The groomsmen have $\begin{aligned} 24 π \end{aligned}$ , or about 75 square feet, of floor space to perform their act.
::新郎们有24平方英尺或约75平方英尺的地板空间来表演他们的行为。

Example 2
::例2

Find the area enclosed by the polar curve $\begin{aligned} r = 3 \cos (3 θ) \end{aligned}$ .
::查找极曲线 r= 3cos(3) 所覆盖的区域。

This is a rose curve with 3 petals. Sketch or graph the curve so that you can see where to integrate.
::这是一个包含 3 个花瓣的玫瑰曲线。拖动或绘制曲线图, 以便您看到如何整合。

When theta is zero, the radius is 1. When theta is $\begin{aligned} \frac{π}{6} \end{aligned}$ , the radius is zero.
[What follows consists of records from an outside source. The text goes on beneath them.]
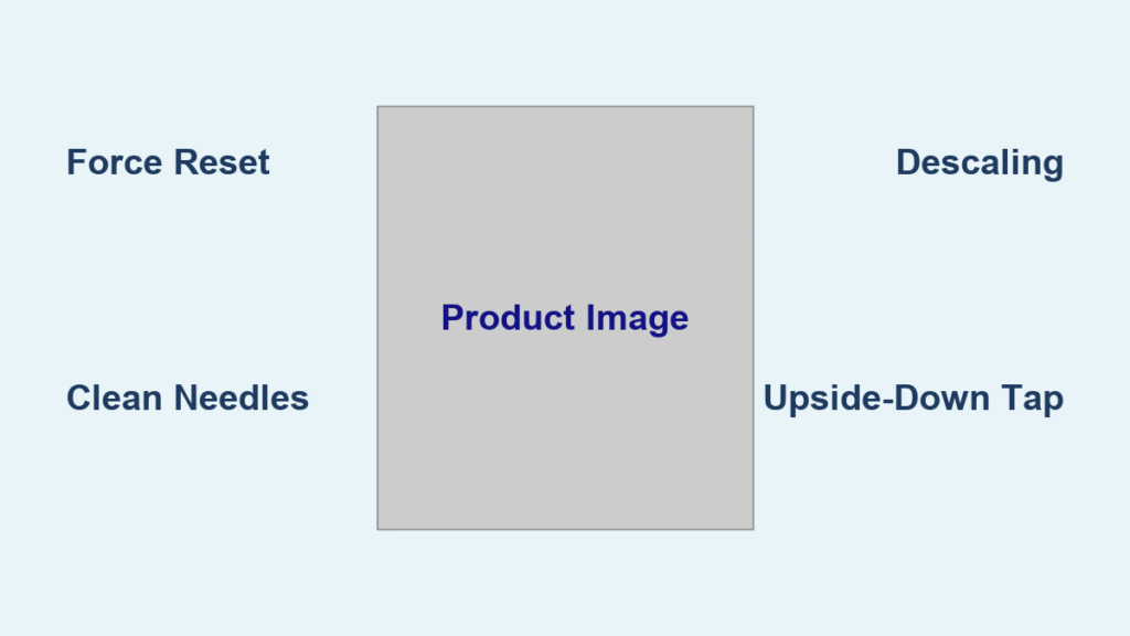 What Success Looks Like: You’ll typically hear small particles moving inside or see water drip out during the process. After righting your brewer, run 2-3 water-only cycles to flush any dislodged debris. This technique clears sediment from hard-to-reach internal valves that standard descaling misses.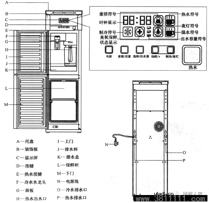 —、饮水机的组成(1)饮水机外部组成如下图所示,饮水机外部主要由显示屏、按键、热水按键、冷水水龙头、面板、热水出水口、上门、接水杯、接水盒、保鲜柜、下门、电源线、冷水排水口、热水排水口等组成。(2)饮水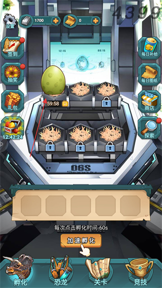 3、通過孵化龍蛋獲取恐龍,孵蛋時(shí)點(diǎn)擊加速孵化,縮短龍蛋孵化時(shí)間。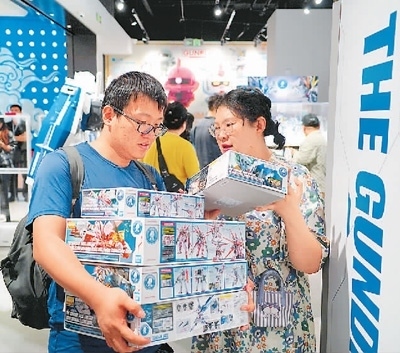 5月17日,北京高達基地旗艦店在王府井銀泰in88開業(yè),現場成品高達模型吸引不少市民參觀。圖為消費者正在選購。宋家儒攝(人民圖片)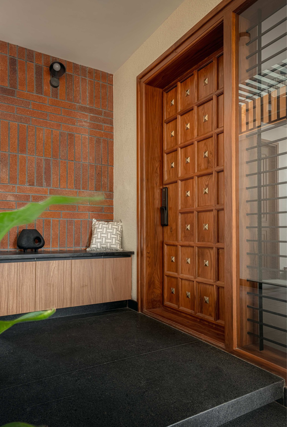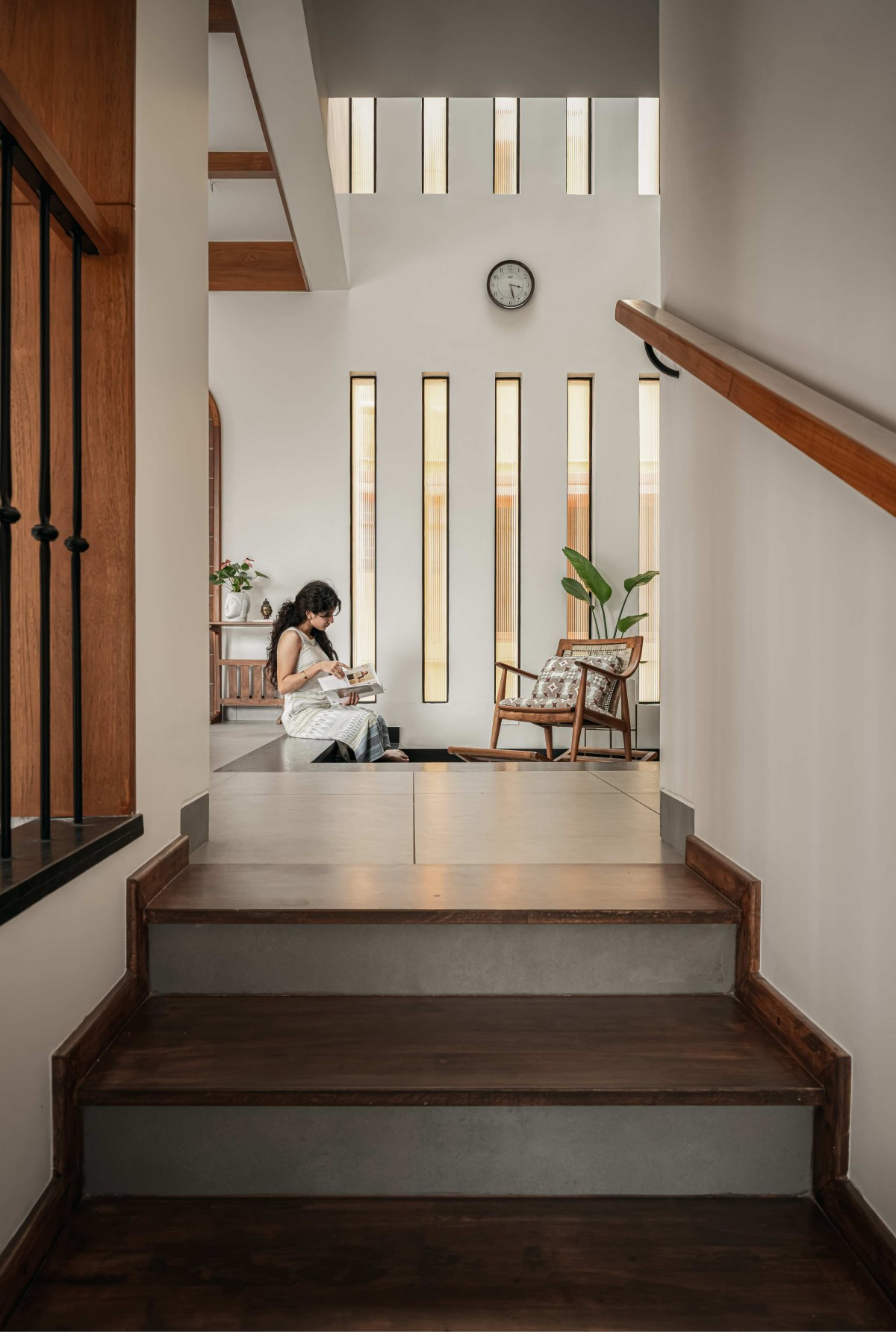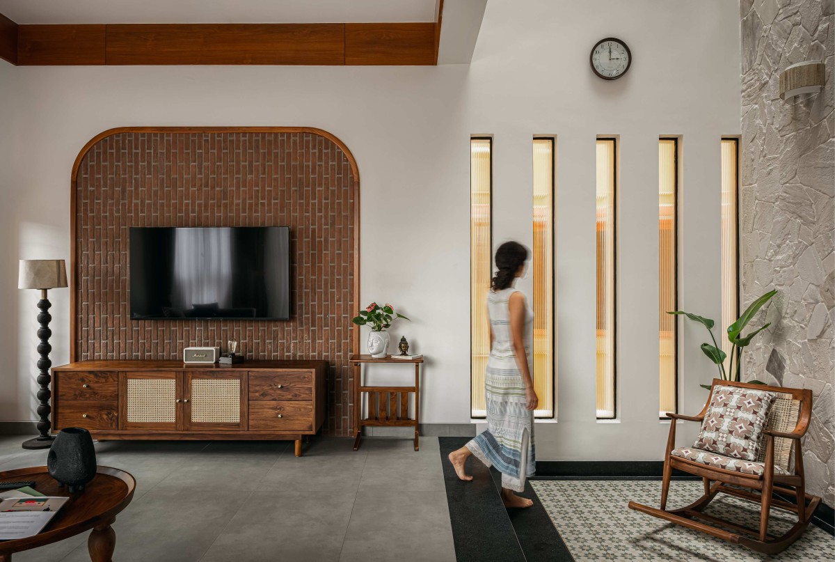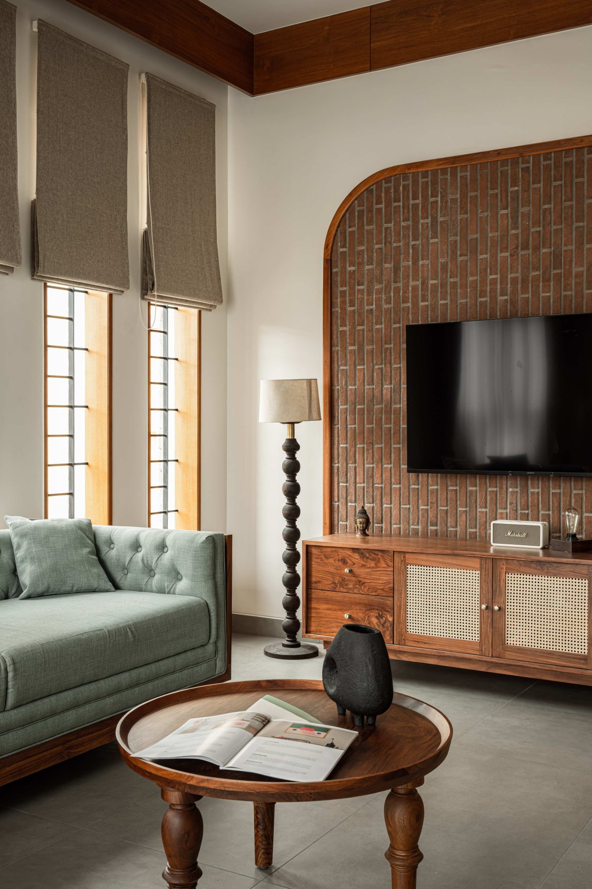 The living area sits alongside this volume and is anchored by an arched brick-clad backdrop that lends weight and warmth. Seating is arranged to allow quiet conversation, reading, or simply sitting with the courtyard in view. A small grilled balcony extends from the living space, finished in patterned flooring that continues the interior language. It is a space often used alone rather than in company, a quiet nook to begin the morning or let the evening slow.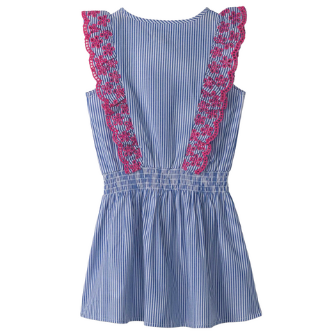 This girl's Pinstripe Ruffle Dress is a charming choice for any occasion! Made from soft cotton, this dress features delicate pinstripes and playful ruffle details that add a touch of elegance. The lightweight fabric ensures comfort and freedom of movement, perfect for parties, playdates, or picture days. Pair it with sandals or ballet flats for a look that’s both stylish and sweet.
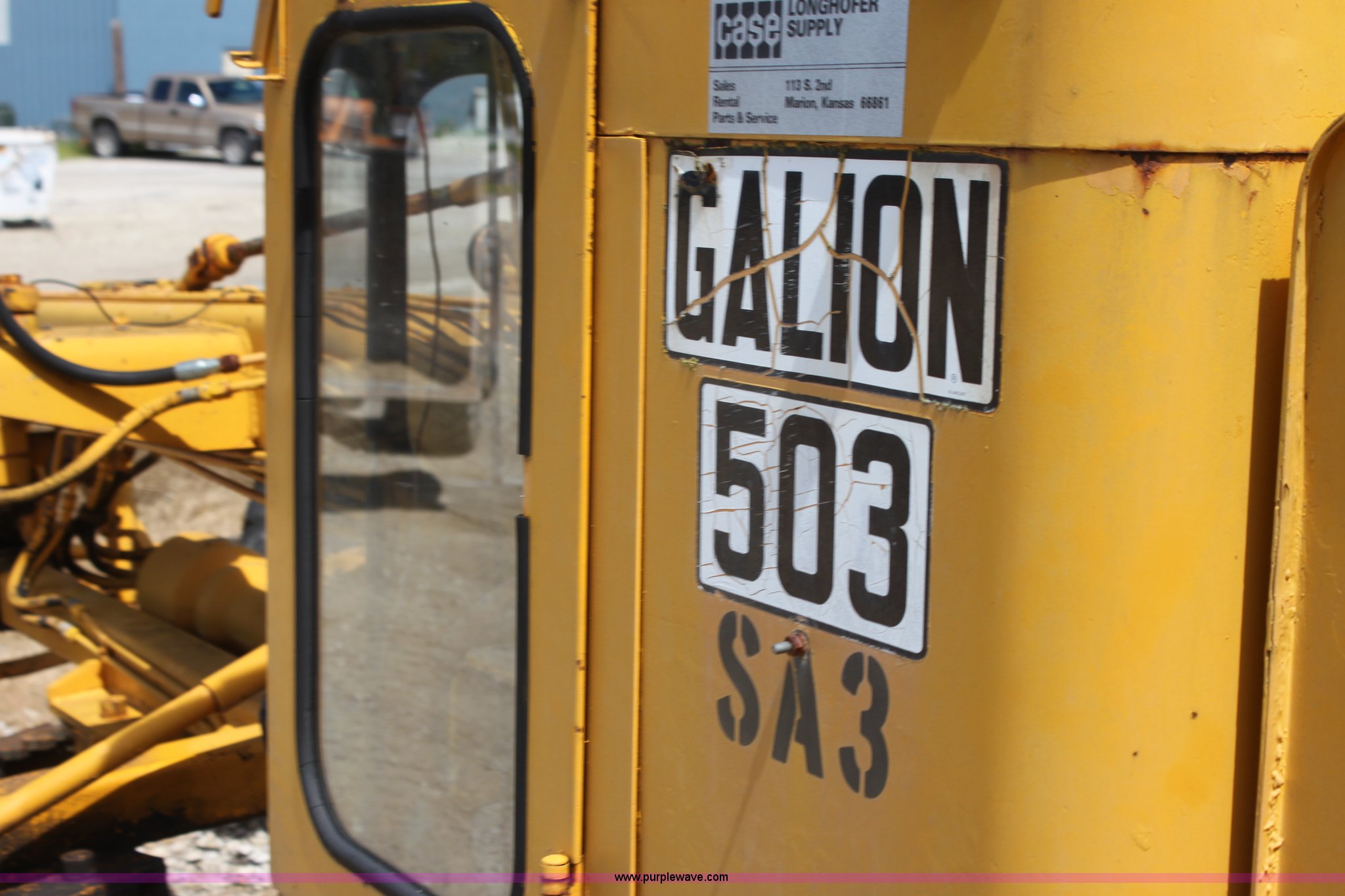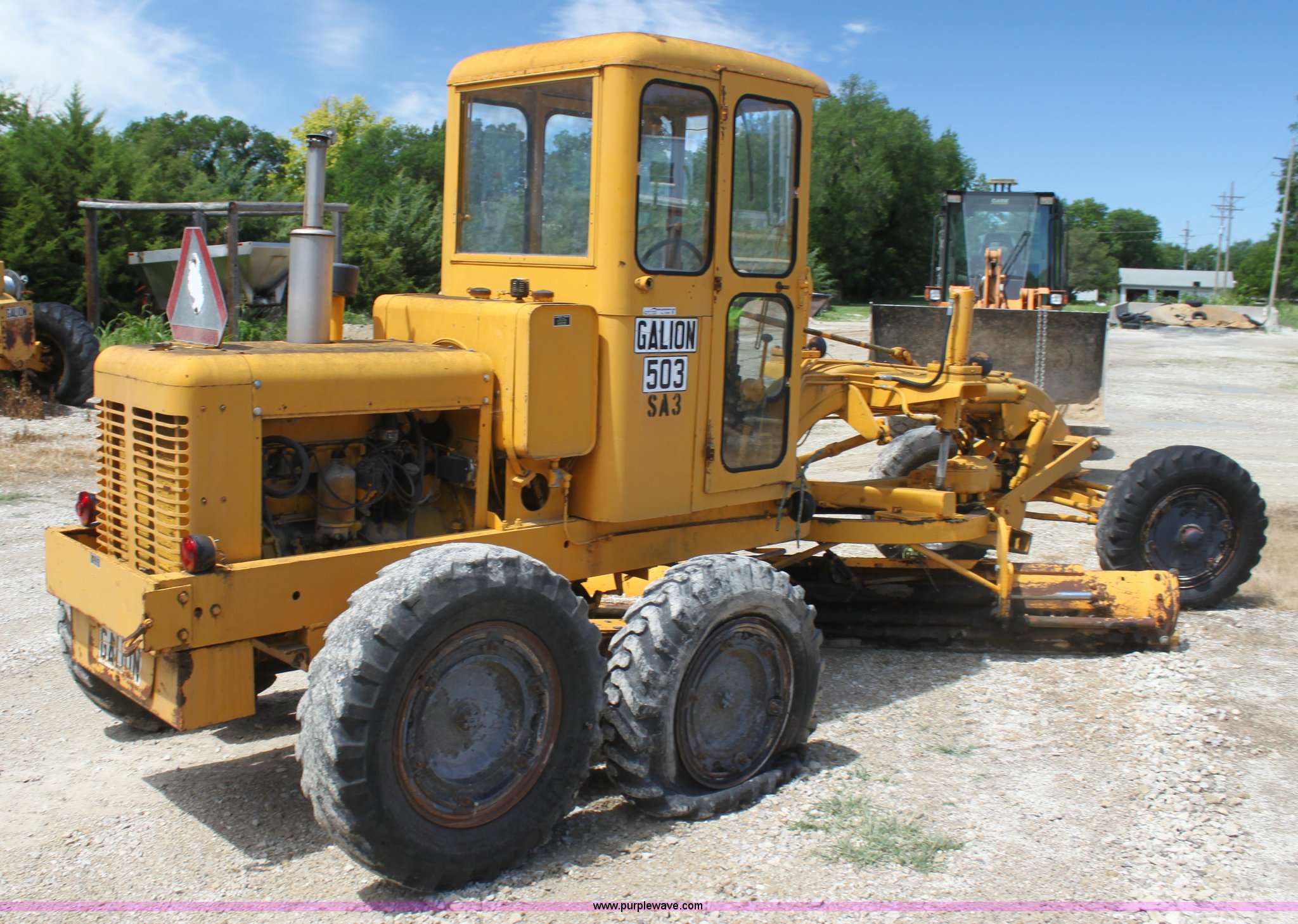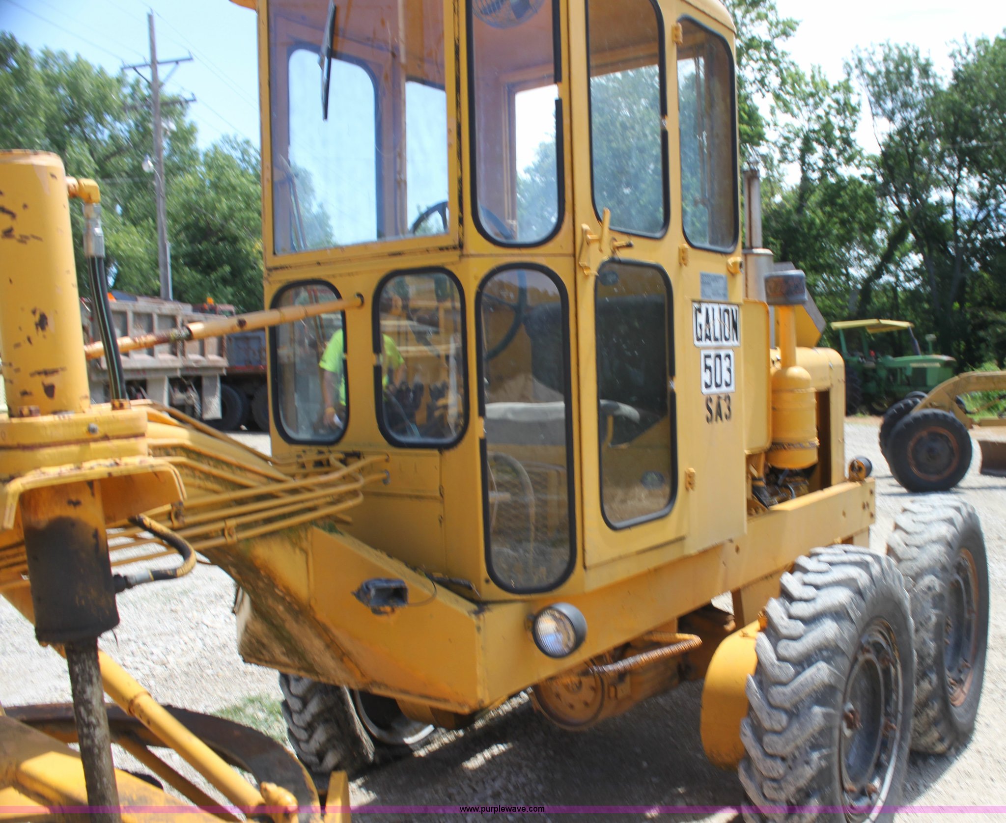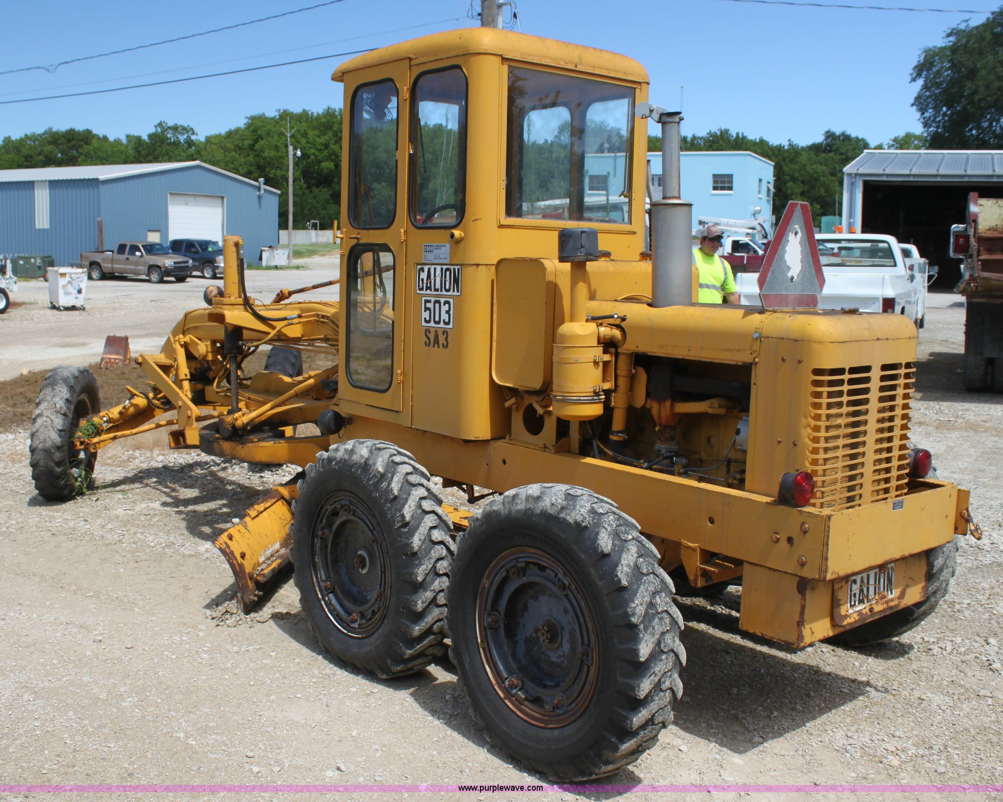 Purple Wave is selling a used Motor Grader in Kansas. This item is a Galion 503 motor grader with the following: 5,424 hours on meter, Six cylinder gas engine, Enclosed cab, 10' moldboard, Front scarifier, Front wheel tilt, 8.25-20 tires, Has sat for several years

You can see from the graph that this interval will give the area of half a petal.
::当Theta为零时,半径为1。当theta为 6时,半径为 6。从图表中可以看出,这个间距会给半个花瓣面积。

Since there are 3 petals, if you multiply the area of the half-petal by six, you’ll find the area enclosed by the entire curve.
::因为有3个花瓣, 如果你把半块半块的面积乘以6, 就会发现整个曲线所覆盖的区域。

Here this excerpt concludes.